Recorded data:

»»

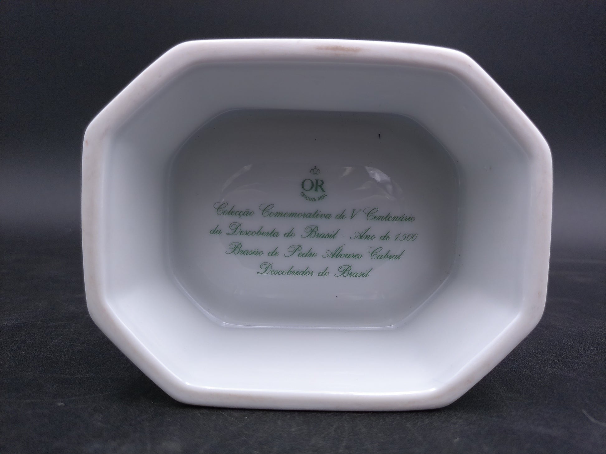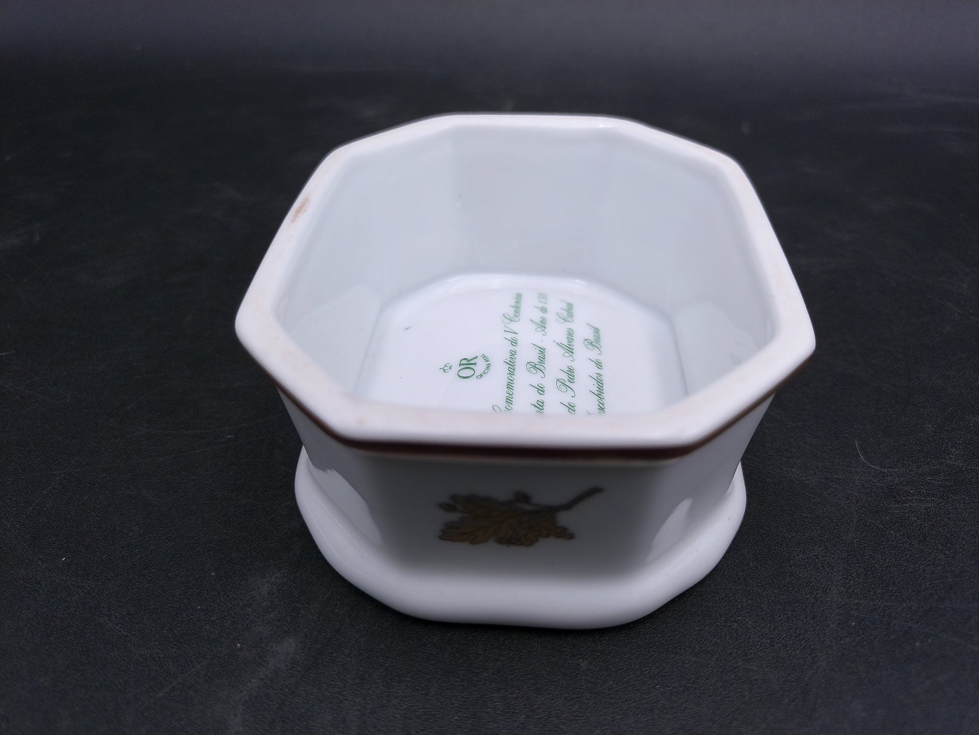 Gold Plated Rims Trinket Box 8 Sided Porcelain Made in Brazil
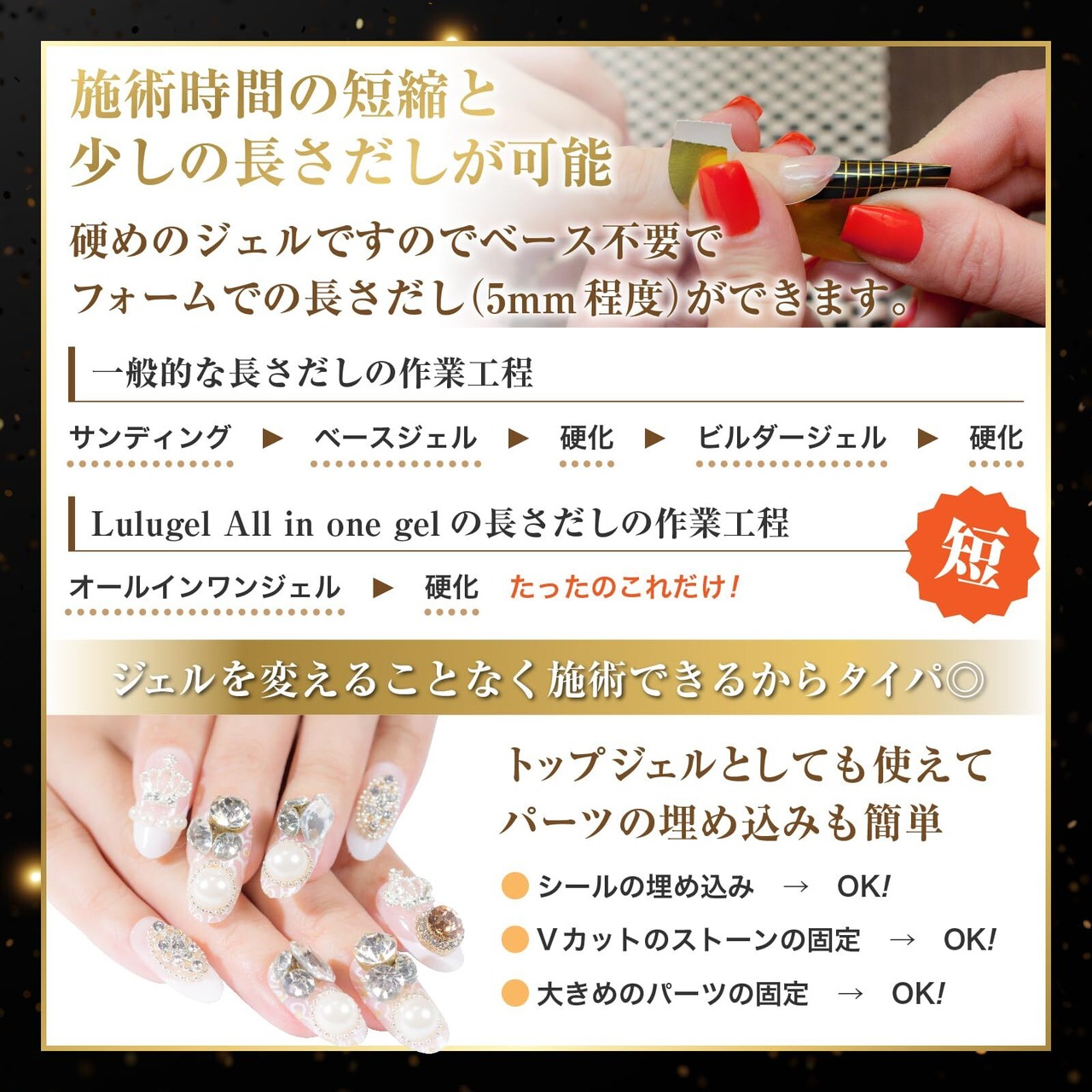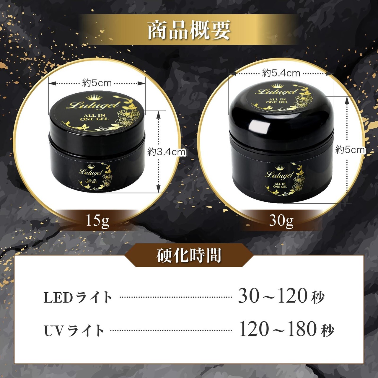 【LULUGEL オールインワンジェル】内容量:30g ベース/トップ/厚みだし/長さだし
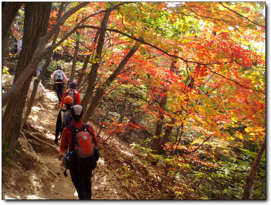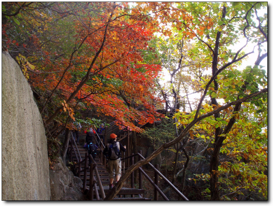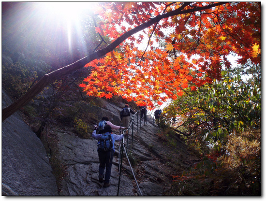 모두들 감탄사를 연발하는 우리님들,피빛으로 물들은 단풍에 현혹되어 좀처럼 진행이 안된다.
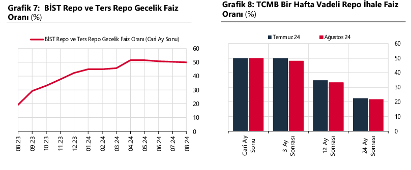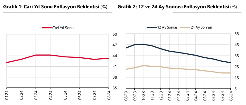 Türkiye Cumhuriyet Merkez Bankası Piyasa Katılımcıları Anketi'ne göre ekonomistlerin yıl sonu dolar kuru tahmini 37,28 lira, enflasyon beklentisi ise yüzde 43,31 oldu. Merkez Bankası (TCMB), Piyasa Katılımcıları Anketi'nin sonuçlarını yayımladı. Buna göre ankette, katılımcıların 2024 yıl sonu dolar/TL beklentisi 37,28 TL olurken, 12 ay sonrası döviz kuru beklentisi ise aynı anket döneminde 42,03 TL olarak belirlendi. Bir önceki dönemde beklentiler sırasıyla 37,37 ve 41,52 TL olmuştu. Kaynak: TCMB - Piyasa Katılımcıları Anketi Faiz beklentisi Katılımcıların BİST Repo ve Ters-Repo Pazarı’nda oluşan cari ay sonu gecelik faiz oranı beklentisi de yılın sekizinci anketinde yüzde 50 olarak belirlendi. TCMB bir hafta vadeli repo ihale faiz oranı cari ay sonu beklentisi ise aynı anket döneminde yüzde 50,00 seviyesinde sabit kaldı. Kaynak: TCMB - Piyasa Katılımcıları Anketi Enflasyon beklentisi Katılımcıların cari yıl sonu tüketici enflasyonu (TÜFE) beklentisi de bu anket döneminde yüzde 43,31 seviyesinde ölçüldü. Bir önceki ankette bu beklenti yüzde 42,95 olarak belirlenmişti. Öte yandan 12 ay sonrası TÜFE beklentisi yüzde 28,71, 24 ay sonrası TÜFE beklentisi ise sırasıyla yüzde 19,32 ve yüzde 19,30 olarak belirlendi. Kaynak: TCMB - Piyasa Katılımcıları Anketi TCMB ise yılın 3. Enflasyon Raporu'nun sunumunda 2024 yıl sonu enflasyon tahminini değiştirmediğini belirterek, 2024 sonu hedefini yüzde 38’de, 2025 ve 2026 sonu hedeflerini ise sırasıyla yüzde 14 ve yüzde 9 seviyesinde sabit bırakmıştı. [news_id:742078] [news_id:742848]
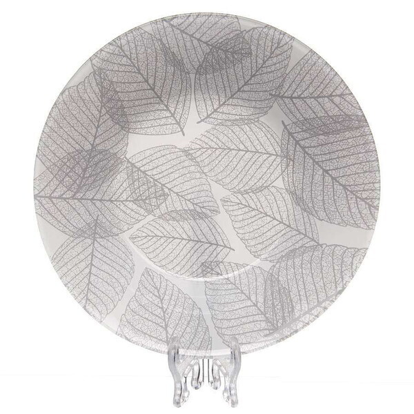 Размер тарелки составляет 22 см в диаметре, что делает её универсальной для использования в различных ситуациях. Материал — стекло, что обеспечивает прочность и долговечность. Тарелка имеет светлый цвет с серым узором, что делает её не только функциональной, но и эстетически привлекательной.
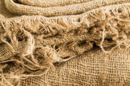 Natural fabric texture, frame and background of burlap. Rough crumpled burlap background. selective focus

««

→ **What you will do**:
Copy the records above exactly, leaving out every picture.

→ **Task output**:
 Gold Plated Rims Trinket Box 8 Sided Porcelain Made in Brazil
 【LULUGEL オールインワンジェル】内容量:30g ベース/トップ/厚みだし/長さだし
 모두들 감탄사를 연발하는 우리님들,피빛으로 물들은 단풍에 현혹되어 좀처럼 진행이 안된다.
 Türkiye Cumhuriyet Merkez Bankası Piyasa Katılımcıları Anketi'ne göre ekonomistlerin yıl sonu dolar kuru tahmini 37,28 lira, enflasyon beklentisi ise yüzde 43,31 oldu. Merkez Bankası (TCMB), Piyasa Katılımcıları Anketi'nin sonuçlarını yayımladı. Buna göre ankette, katılımcıların 2024 yıl sonu dolar/TL beklentisi 37,28 TL olurken, 12 ay sonrası döviz kuru beklentisi ise aynı anket döneminde 42,03 TL olarak belirlendi. Bir önceki dönemde beklentiler sırasıyla 37,37 ve 41,52 TL olmuştu. Kaynak: TCMB - Piyasa Katılımcıları Anketi Faiz beklentisi Katılımcıların BİST Repo ve Ters-Repo Pazarı’nda oluşan cari ay sonu gecelik faiz oranı beklentisi de yılın sekizinci anketinde yüzde 50 olarak belirlendi. TCMB bir hafta vadeli repo ihale faiz oranı cari ay sonu beklentisi ise aynı anket döneminde yüzde 50,00 seviyesinde sabit kaldı. Kaynak: TCMB - Piyasa Katılımcıları Anketi Enflasyon beklentisi Katılımcıların cari yıl sonu tüketici enflasyonu (TÜFE) beklentisi de bu anket döneminde yüzde 43,31 seviyesinde ölçüldü. Bir önceki ankette bu beklenti yüzde 42,95 olarak belirlenmişti. Öte yandan 12 ay sonrası TÜFE beklentisi yüzde 28,71, 24 ay sonrası TÜFE beklentisi ise sırasıyla yüzde 19,32 ve yüzde 19,30 olarak belirlendi. Kaynak: TCMB - Piyasa Katılımcıları Anketi TCMB ise yılın 3. Enflasyon Raporu'nun sunumunda 2024 yıl sonu enflasyon tahminini değiştirmediğini belirterek, 2024 sonu hedefini yüzde 38’de, 2025 ve 2026 sonu hedeflerini ise sırasıyla yüzde 14 ve yüzde 9 seviyesinde sabit bırakmıştı. [news_id:742078] [news_id:742848]
 Размер тарелки составляет 22 см в диаметре, что делает её универсальной для использования в различных ситуациях. Материал — стекло, что обеспечивает прочность и долговечность. Тарелка имеет светлый цвет с серым узором, что делает её не только функциональной, но и эстетически привлекательной.
 Natural fabric texture, frame and background of burlap. Rough crumpled burlap background. selective focus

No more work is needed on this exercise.